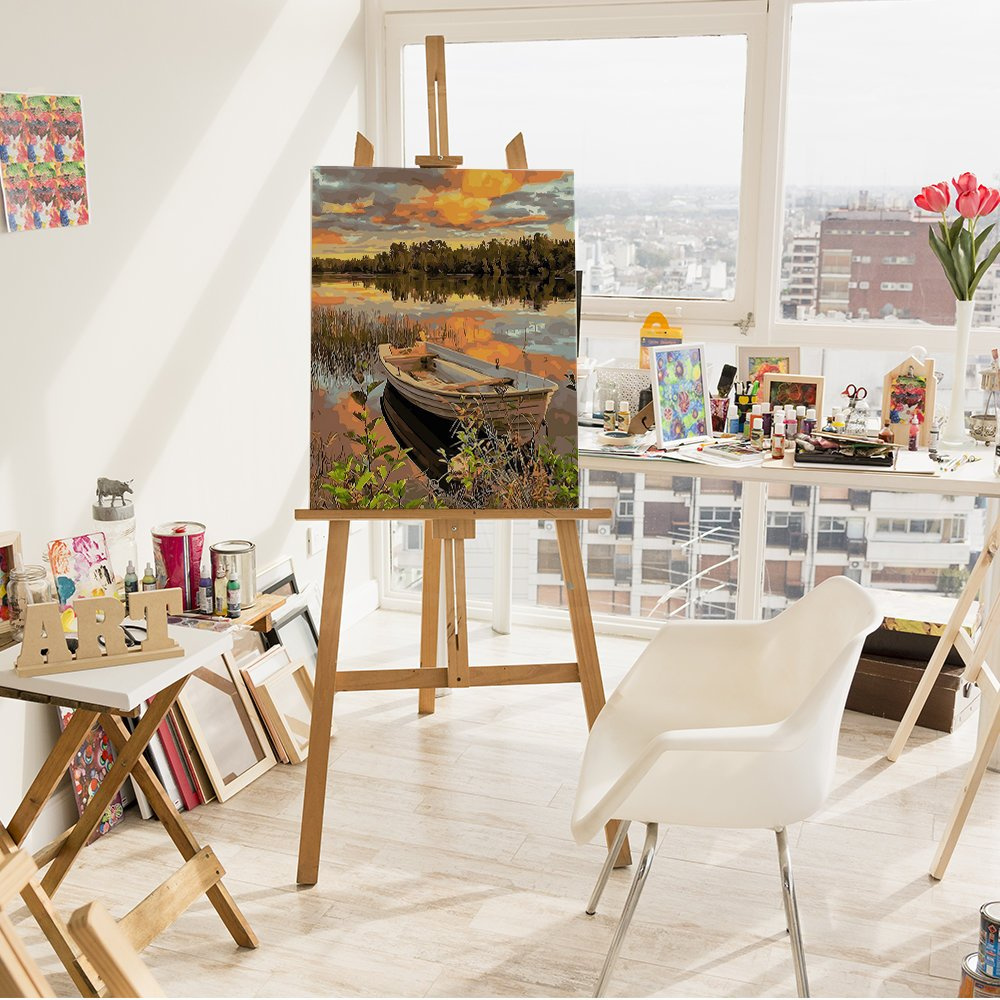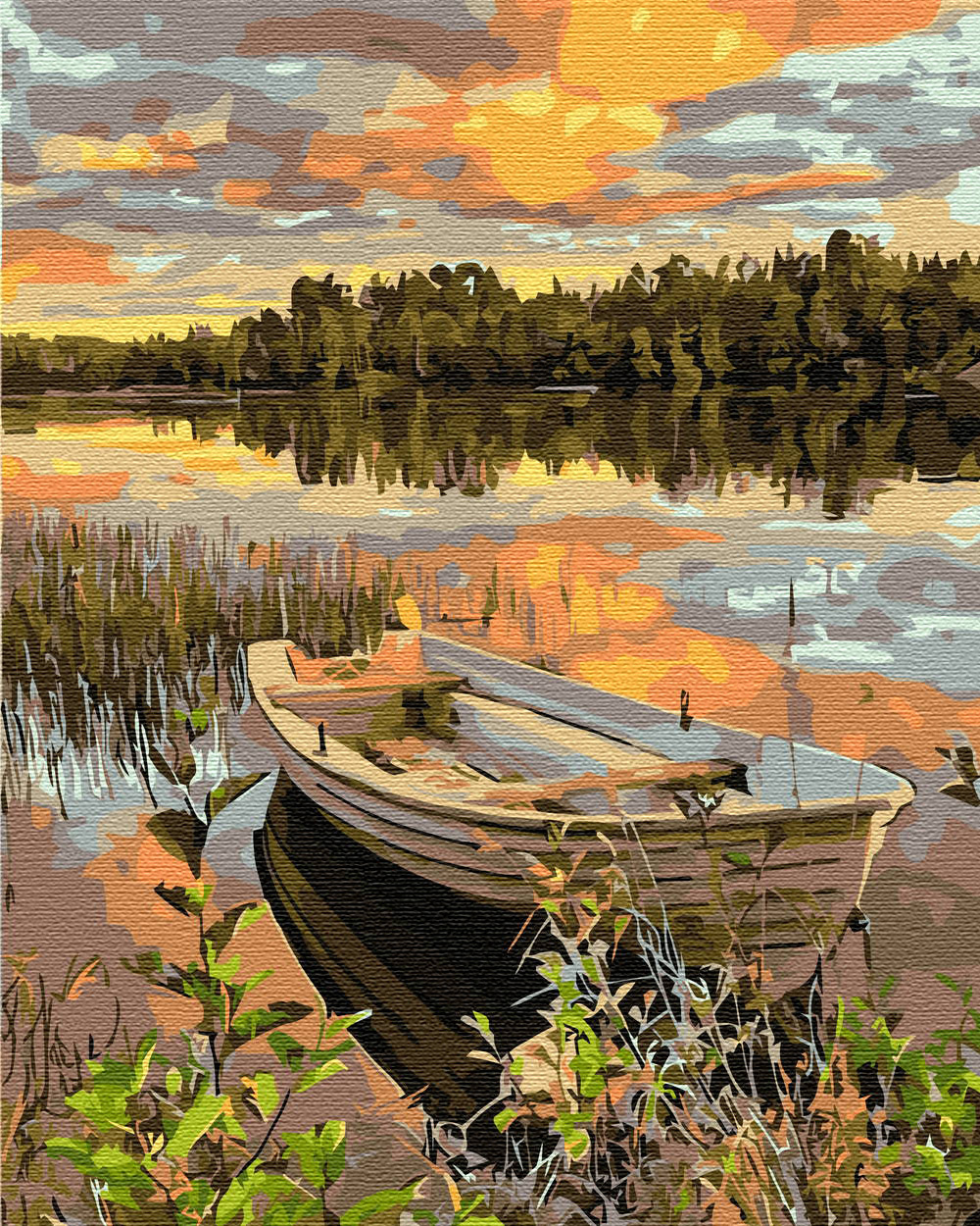 Malen nach Zahlen auf Keilrahmen – Boot bei Sonnenuntergang 50x40 cm Bild zum Ausmalen nach Zahlen
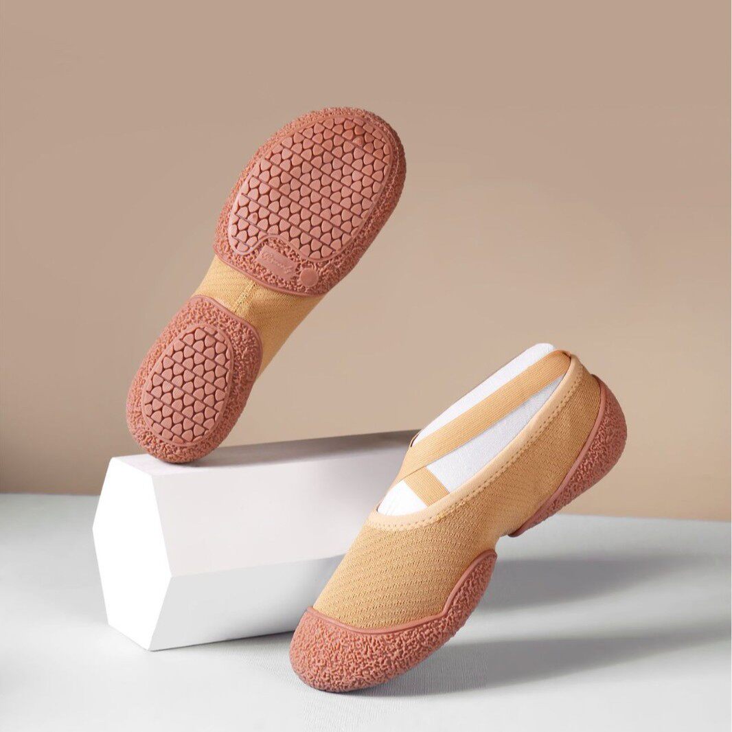室内运动鞋女款静音防滑芭蕾舞瑜伽飞织跳操弹力软底舞蹈减震透气
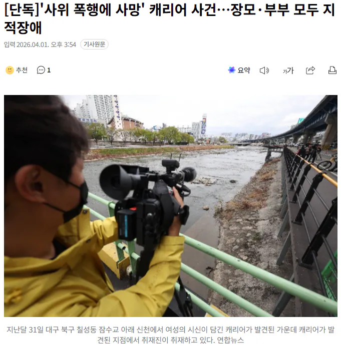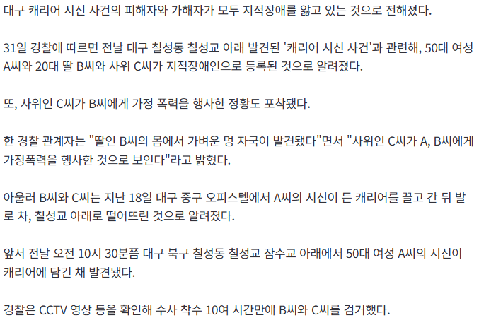 캐리어로 폭행한 끝에 사위가 사망한 사건이 발생했다. 가해자는 장모와 부부인데, 놀랍게도 관련된 인물 3명이 모두 지적장애를 가지고 있다는 사실이 드러났다.
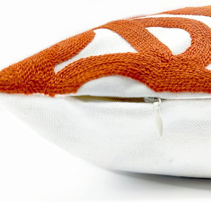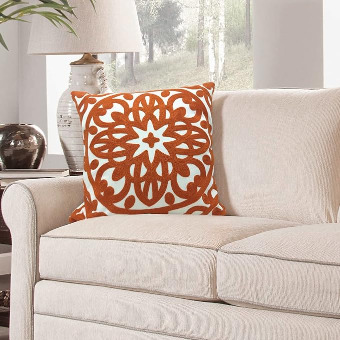 Alysheer Embroidered Decorative Throw Pillow Cover 20"x 20", Boho Mandala Modern Thick Embroidery Pattern, Durable Cotton Canvas Soft Cushion Case for Sofa Couch Bed Living Room (Burnt Orange)
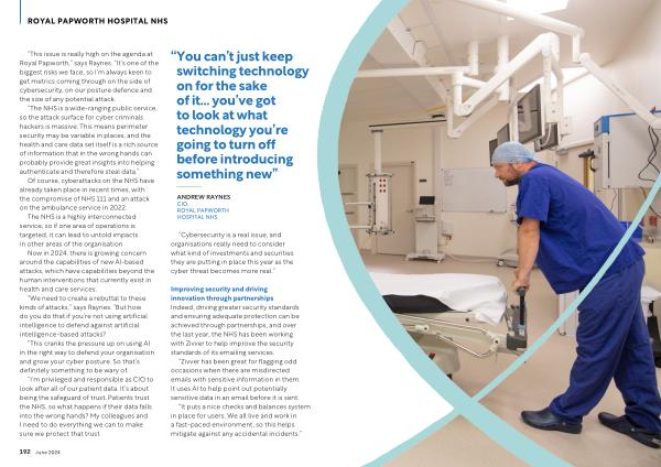 “ This issue is really high on the agenda at Royal Papworth ,” says Raynes . “ It ’ s one of the biggest risks we face , so I ’ m always keen to get metrics coming through on the side of cybersecurity , on our posture defence and the size of any potential attack .
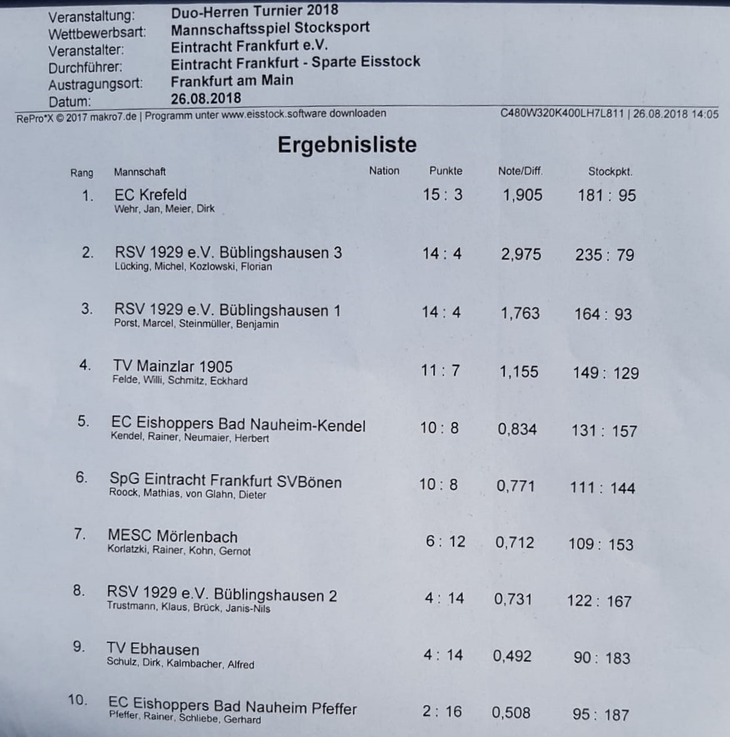 Am letzten Wochenende mussten die Eisstockschützen den Duo Pokal aus Frankfurt vom letzten Jahr verteidigen.

#####

▶ **EXERCISE DESCRIPTION**
Write out exactly and only the lines that run from the start of the data above through the line containing "Alysheer Embroidered Decorative", leaving the pictures out.

▶ **EXPECTED OUTPUT**
 Malen nach Zahlen auf Keilrahmen – Boot bei Sonnenuntergang 50x40 cm Bild zum Ausmalen nach Zahlen
室内运动鞋女款静音防滑芭蕾舞瑜伽飞织跳操弹力软底舞蹈减震透气
 캐리어로 폭행한 끝에 사위가 사망한 사건이 발생했다. 가해자는 장모와 부부인데, 놀랍게도 관련된 인물 3명이 모두 지적장애를 가지고 있다는 사실이 드러났다.
 Alysheer Embroidered Decorative Throw Pillow Cover 20"x 20", Boho Mandala Modern Thick Embroidery Pattern, Durable Cotton Canvas Soft Cushion Case for Sofa Couch Bed Living Room (Burnt Orange)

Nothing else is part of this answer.